Reproduction Fertility and Development ◽

10.1071/rd20126 ◽

2020 ◽

Vol 32 (11) ◽

pp. 976

Author(s):

Monica De los Reyes ◽

Jaime Palomino ◽

Carola Gallegos ◽

Roberto Espinoza ◽

Phillipe Dettleff ◽

...

Keyword(s):

Quantitative Polymerase Chain Reaction ◽

Expression Patterns ◽

Cumulus Cells ◽

Oestrous Cycle ◽

Mrna Levels ◽

Chain Reaction ◽

Antral Follicles ◽

Gene And Protein Expression ◽

Before And After ◽

Polymerase Chain

The aim of this study was to evaluate the expression of connexin (Cx) 37 and Cx43 in canine cumulus–oocyte complexes (COCs) during the oestrous cycle. Cx localisation was analysed by immunohistochemistry and immunofluorescence, whereas protein and gene expression was evaluated by western blotting and quantitative polymerase chain reaction respectively; comparisons were made using analysis of variance. Both Cx37 and Cx43 were expressed in all follicular stages; Cx43 was identified in cumulus cells and Cx37 was identified in cumulus cells, zonae pellucida and oocytes.
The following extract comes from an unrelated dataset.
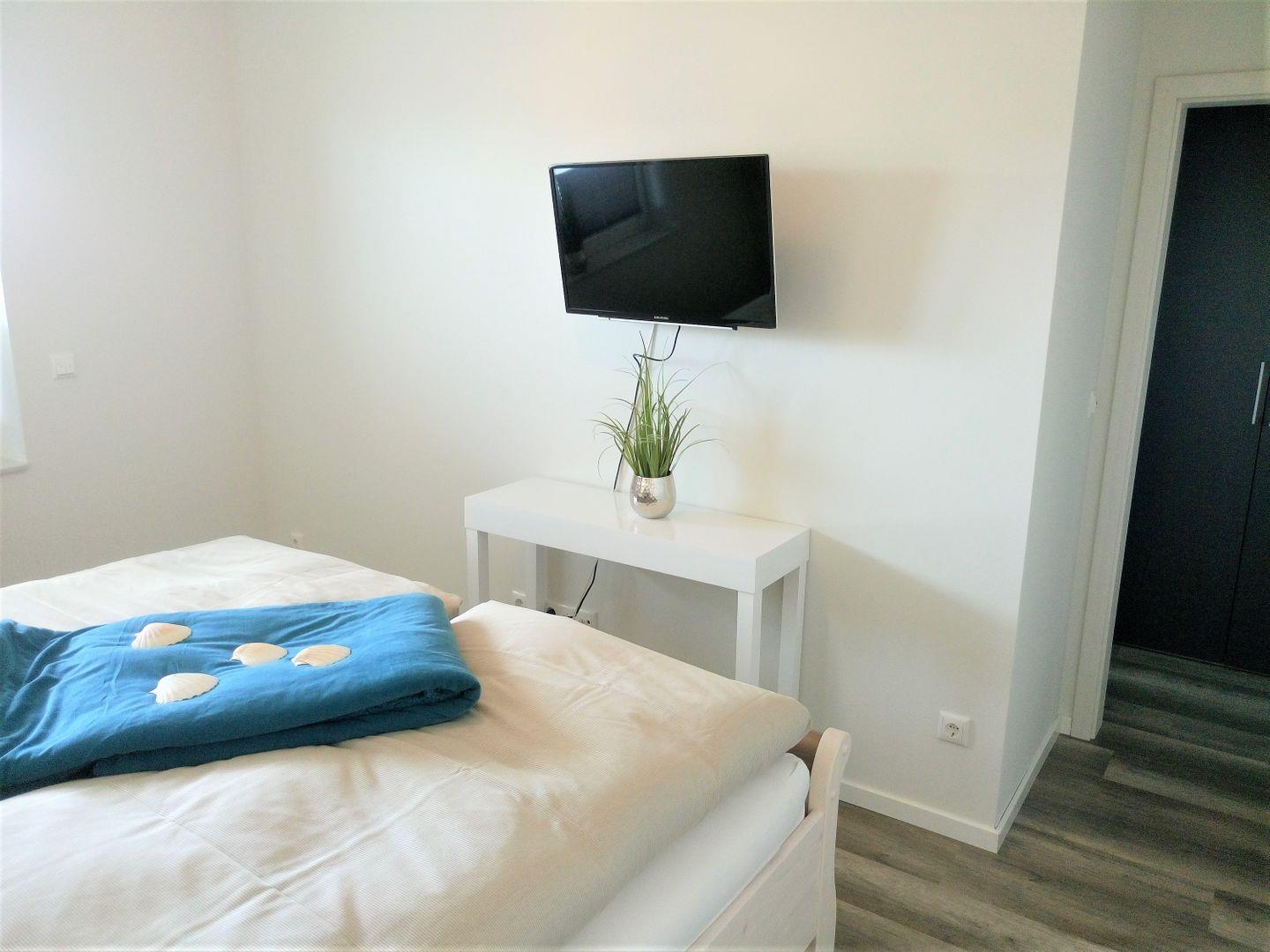 Das eine Schlafzimmer ist mit einem Doppelbett eingerichtet, ein begehbarer Kleiderschrank, mit viel Platz für Ihre Reisegarderobe schließt sich an.

Immunofluorescence analyses showed that Cx37 remained unchanged during the preovulatory stage but decreased after ovulation, whereas Cx43 remained unchanged before and after ovulation. Cx43 transcripts increased (P<0.05) during anoestrus and dioestrus in medium-sized follicles but remained unaltered during the pro-oestrus and antral stages during oestrus, before and after ovulation. Cx37 mRNA levels decreased in ovulated COCs (P<0.05). The highest levels of Cx37 protein (P<0.05) were detected in the preantral stage during anoestrus. In contrast, strong Cx43 signals were detected in oestrus and in medium-sized antral follicles in dioestrus (P<0.05). Overall, we demonstrated that Cx37 and Cx43 exhibit different expression patterns, suggesting specific roles throughout growth. Maintenance of Cx expression before ovulation indicates the involvement of Cx37 and Cx43 in the prolonged meiotic arrest.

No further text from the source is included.